--- Data supplied ---
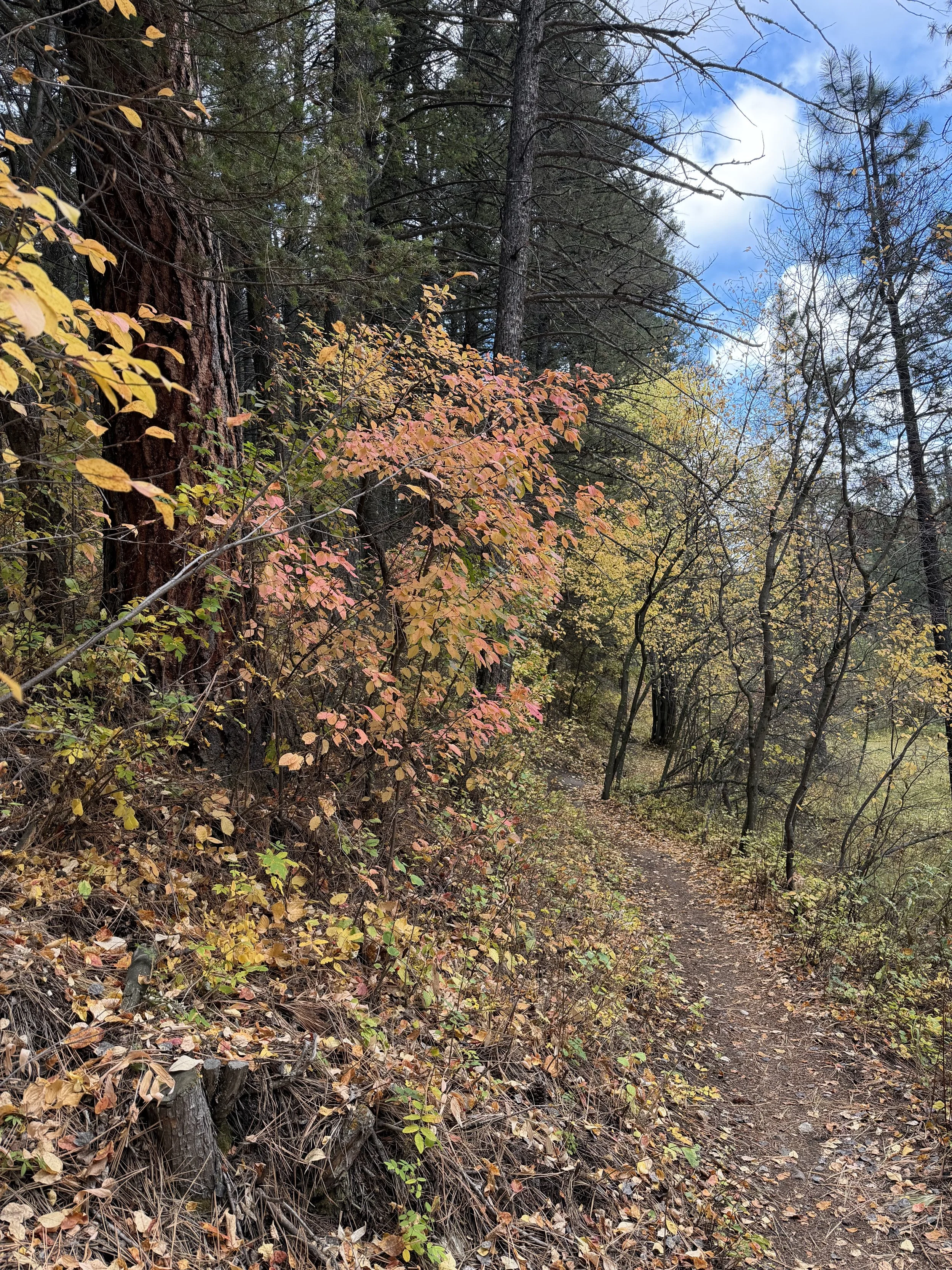 While the entire loop makes for a fun hike, my favorite spot is a little shaded section at the bottom of the trail. As you walk, sounds shift and stir between gently rippling water, whooshing cars, chirping birds, falling pinecones, and fluttering leaves. The west facing slope is covered in a mix of conifers that provide year round structure and mesmerizing dappled light.
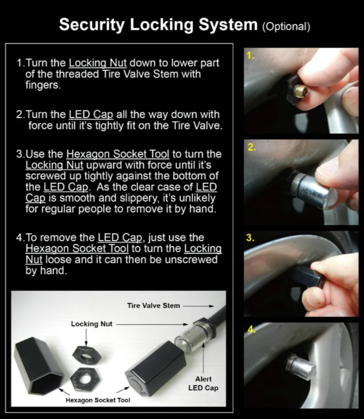 Sec. 1 : When the LED Cap is installed on the tire valve, the LED remains unlighted.
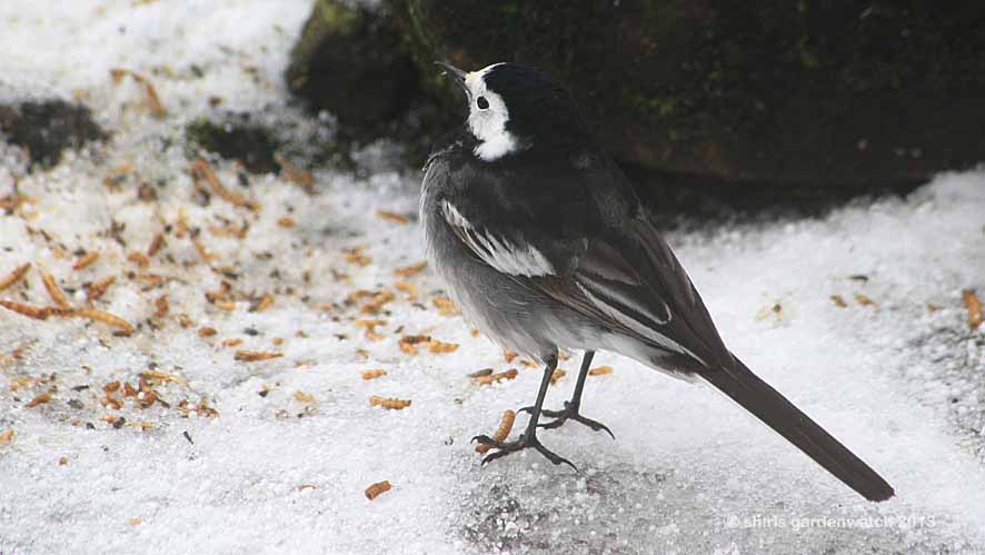 Ah… I had plenty of mealworms in my shed (lol – a Mother’s day gift) so I crushed some down a bit (knowing Starlings and Blackbirds would run away with them otherwise) and put them in the area near the feeder trays where the Pied Wagtail was first seen. I guess the Pied Wagtail was just looking after its find when it was chasing the Chaffinches.
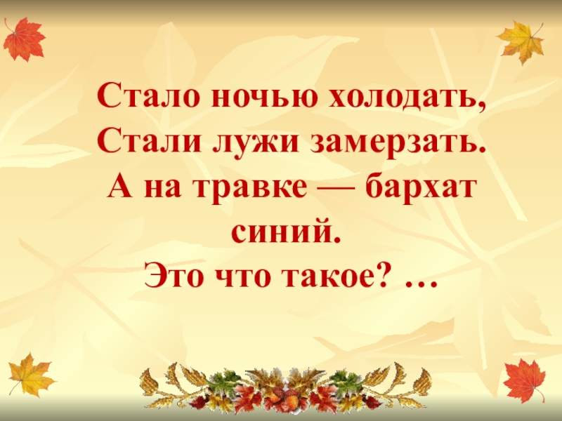 Стало ночью холодать,Стали лужи замерзать.А на травке — бархат синий.Это что такое? …
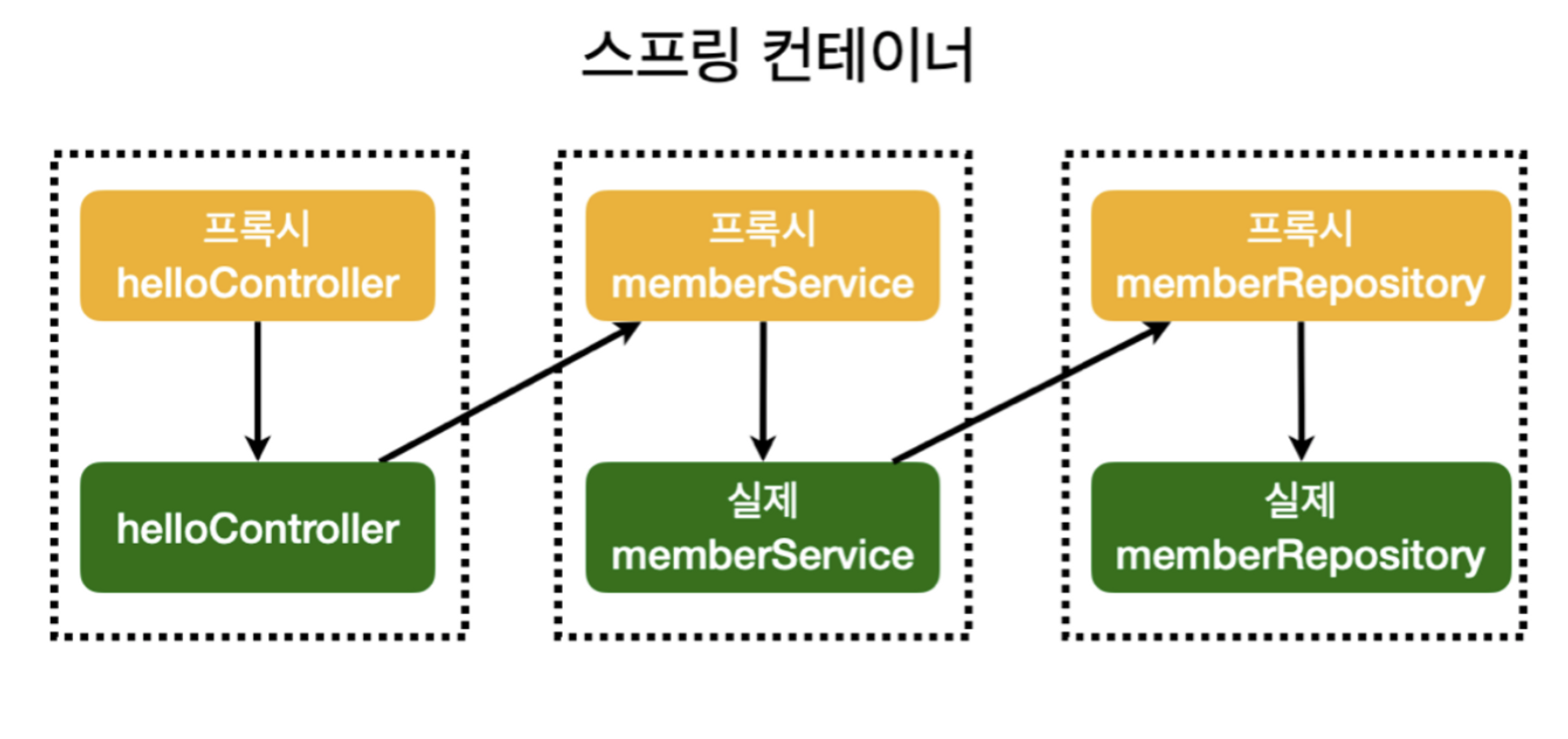 오브젝트. DI를 통해 타겟 대신 클라이언트에게 주입되며 클라이언트의 메소드 호출을 대신 받아서 타겟에 위임하며 이 과정에서 부가기능을 부여한다.
---
**Brief:**
With the pictures omitted, set down each line exactly, starting at the first line of the records above and ending with the line that contains "Sec. 1 : When".

**Completed exercise:**
 While the entire loop makes for a fun hike, my favorite spot is a little shaded section at the bottom of the trail. As you walk, sounds shift and stir between gently rippling water, whooshing cars, chirping birds, falling pinecones, and fluttering leaves. The west facing slope is covered in a mix of conifers that provide year round structure and mesmerizing dappled light.
 Sec. 1 : When the LED Cap is installed on the tire valve, the LED remains unlighted.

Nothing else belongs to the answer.